(Vancouver) A stronger economy in 1999 will mean a much smaller deficit for 1999/00, creating room in the 2000 Budget for progressive policy choices, the Canadian Centre for Policy Alternatives said today in a briefing with Finance Minster Paul Ramsey.

“We are recommending a bold commitment to an anti-poverty strategy,” said CCPA-BC Director Seth Klein. “Such a strategy should increase the minimum wage and reform BC Benefits by increasing welfare rates and ending the clawback of the Child Tax Benefit for families on social assistance.” The CCPA strategy also recommends building and supporting new social housing, and targeting funds towards Vancouver’s Downtown Eastside.

An anti-poverty strategy is essential in the face of rising poverty rates.

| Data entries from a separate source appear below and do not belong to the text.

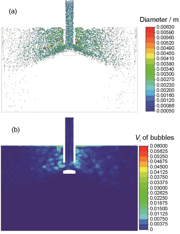 | Fig.7 Distribution of Ar bubbles (a) and gas volume fraction (b) of the mold (The casting speed is 1.4 m/min, the Ar blowing rate is 10 L/min, the nozzle angle is -15°, and the nozzle immersion depth is 180 mm. Vf—volume fraction) |
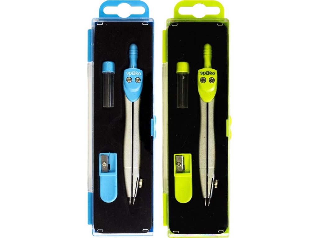 Školní kovové kružítko značky Spoko v praktické plastové krabičce. Sada obsahuje náhradní tuhy a ořezávátko. Ideální pro rýsování kružnic a oblouků v hodinách geometrie.
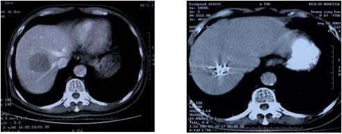 原发性肝癌治疗前 放射粒子植入后肿瘤显著 缩小、灭活
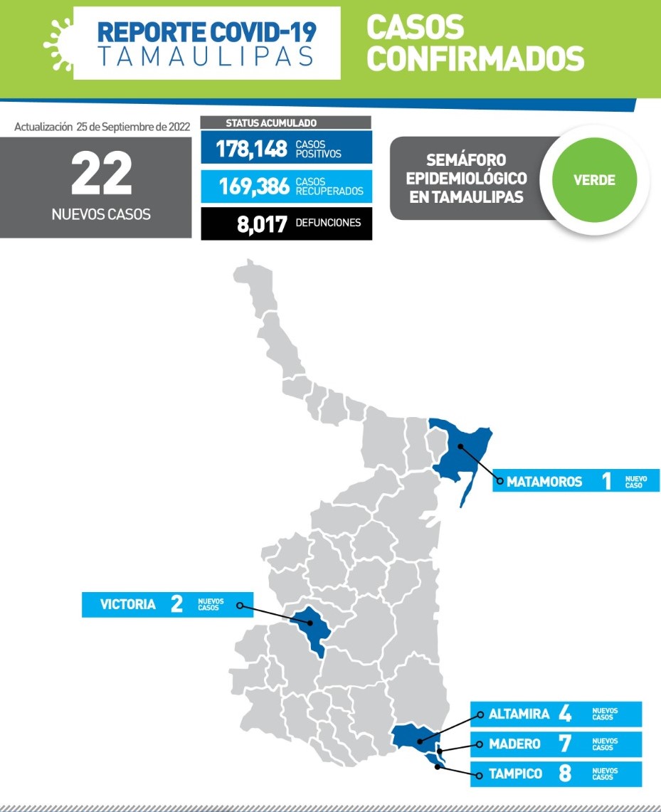 CD. VICTORIA, TAMAULIPAS, 25 DE SEPTIEMBRE DE 2022.- Tamaulipas cerró la jornada con 22 pacientes positivos a COVID-19, informó en su reporte diario la secretaria de Salud, Gloria Molina Gamboa quien reiteró su llamado a ser ciudadanos socialmente responsables y no bajar la guardia en la lucha contra la pandemia.
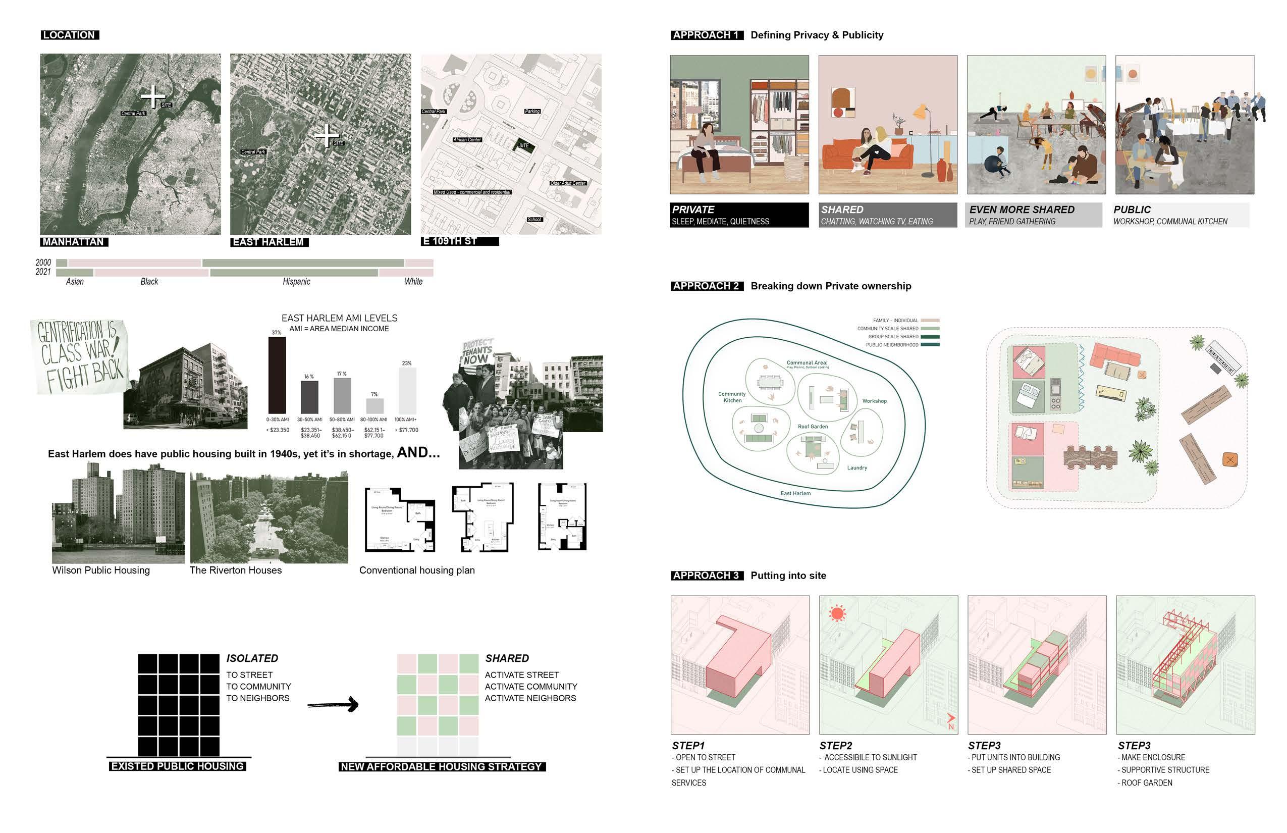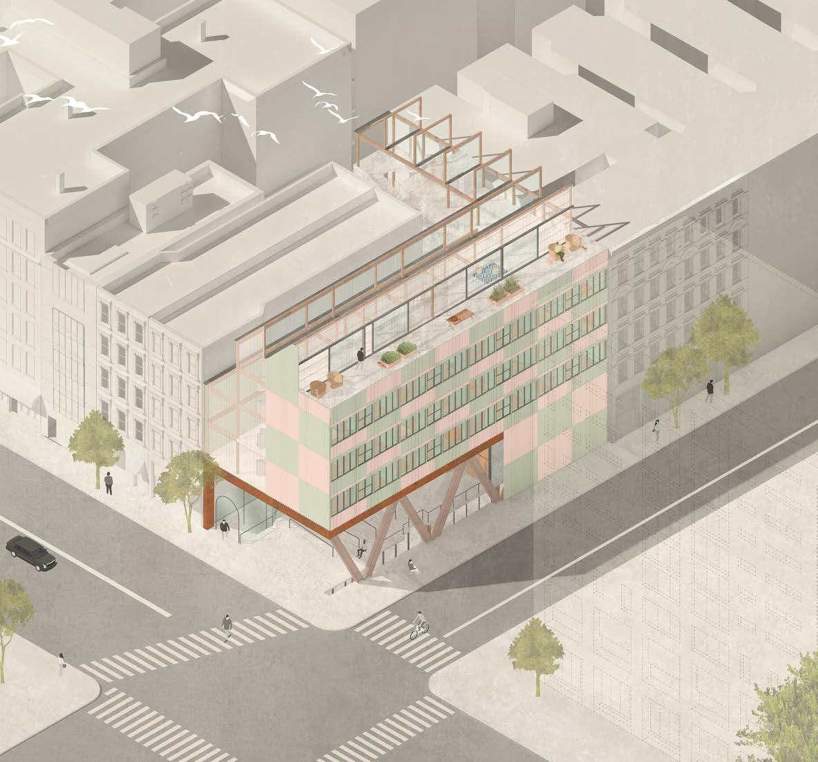 Checker House, a six-level residential building situated in Harlem, New York City, is designed to cater to people of color and singles. The architectural concept draws inspiration from the checkerboard pattern, embodying the idea of weaving distinct urban features into a cohesive fabric. The implantation of checkerboard design aims to provide not only a visually appealing structure but also a harmonious living space that reflects the diverse and vibrant character of Harlem.
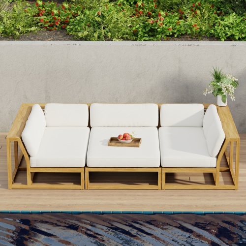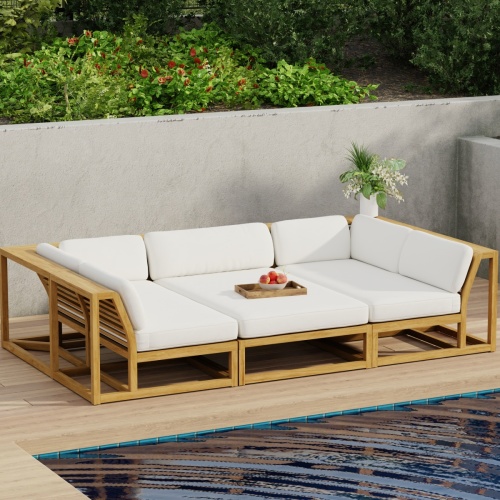 Plush, deep cushions atop clean-lined solid teak frames that give the impression of visual lightness while the Maya 6" wrap around armrests allow ample space for drinks, yet are sturdy enough to sit on. This set creates a full daybed, providing ample space for lounging with a book or with someone special. Versatile and functional, this set can be paired with other pieces from the Maya collection to create a wide range of configurations depending on your needs and imagination.
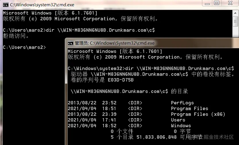 这里有一个坑,必须要管理员权限开cmd,不然也会显示拒绝访问
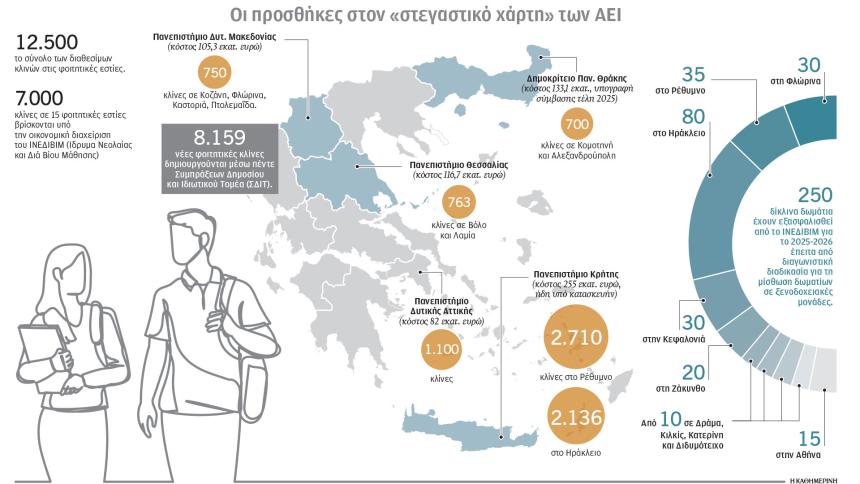 Πιο συγκεκριμένα, για πρώτη φορά το Ιδρυμα Νεολαίας και Διά Βίου Μάθησης (ΙΝΕΔΙΒΙΜ) σε συνεργασία με τα ΑΕΙ προχώρησε σε καταγραφή των αναγκών σε πόλεις με αυξημένη ζήτηση στέγης και για το ακαδημαϊκό έτος 2025-2026 έχει ήδη ξεκινήσει διαγωνιστική διαδικασία για τη μίσθωση δωματίων σε ξενοδοχεία, με στόχο την κάλυψή τους.

In 1997, the percentage of British Columbians considered to be low income grew to 18.2% from 16.5% in 1992. Economic conditions and government cutbacks have also made life more difficult for those living at the bottom of the income ladder.

The CCPA also called for protection and expansion of the public sector through first-year funding of a multi-year plan to bring child care into the public sector, while countering trends towards privatization and contracting out, particularly in regard to health care and education.

The CCPA argued against tax cuts for upper income earners, instead calling for a number of revenue-neutral measures to increase the progressivity of the tax system.

“Tax cuts for upper income earners would be a moral outrage given the situation facing the province’s poorest citizens,” said CCPA Research Economist Marc Lee.

On the fiscal side, the CCPA recommended that the government cap the increase in provincial debt-to-GDP at 23.9%. With stronger economic growth expected in 2000 and 2001, the province clearly has room to increase spending in key areas of social support that have been eroded in the 1990s.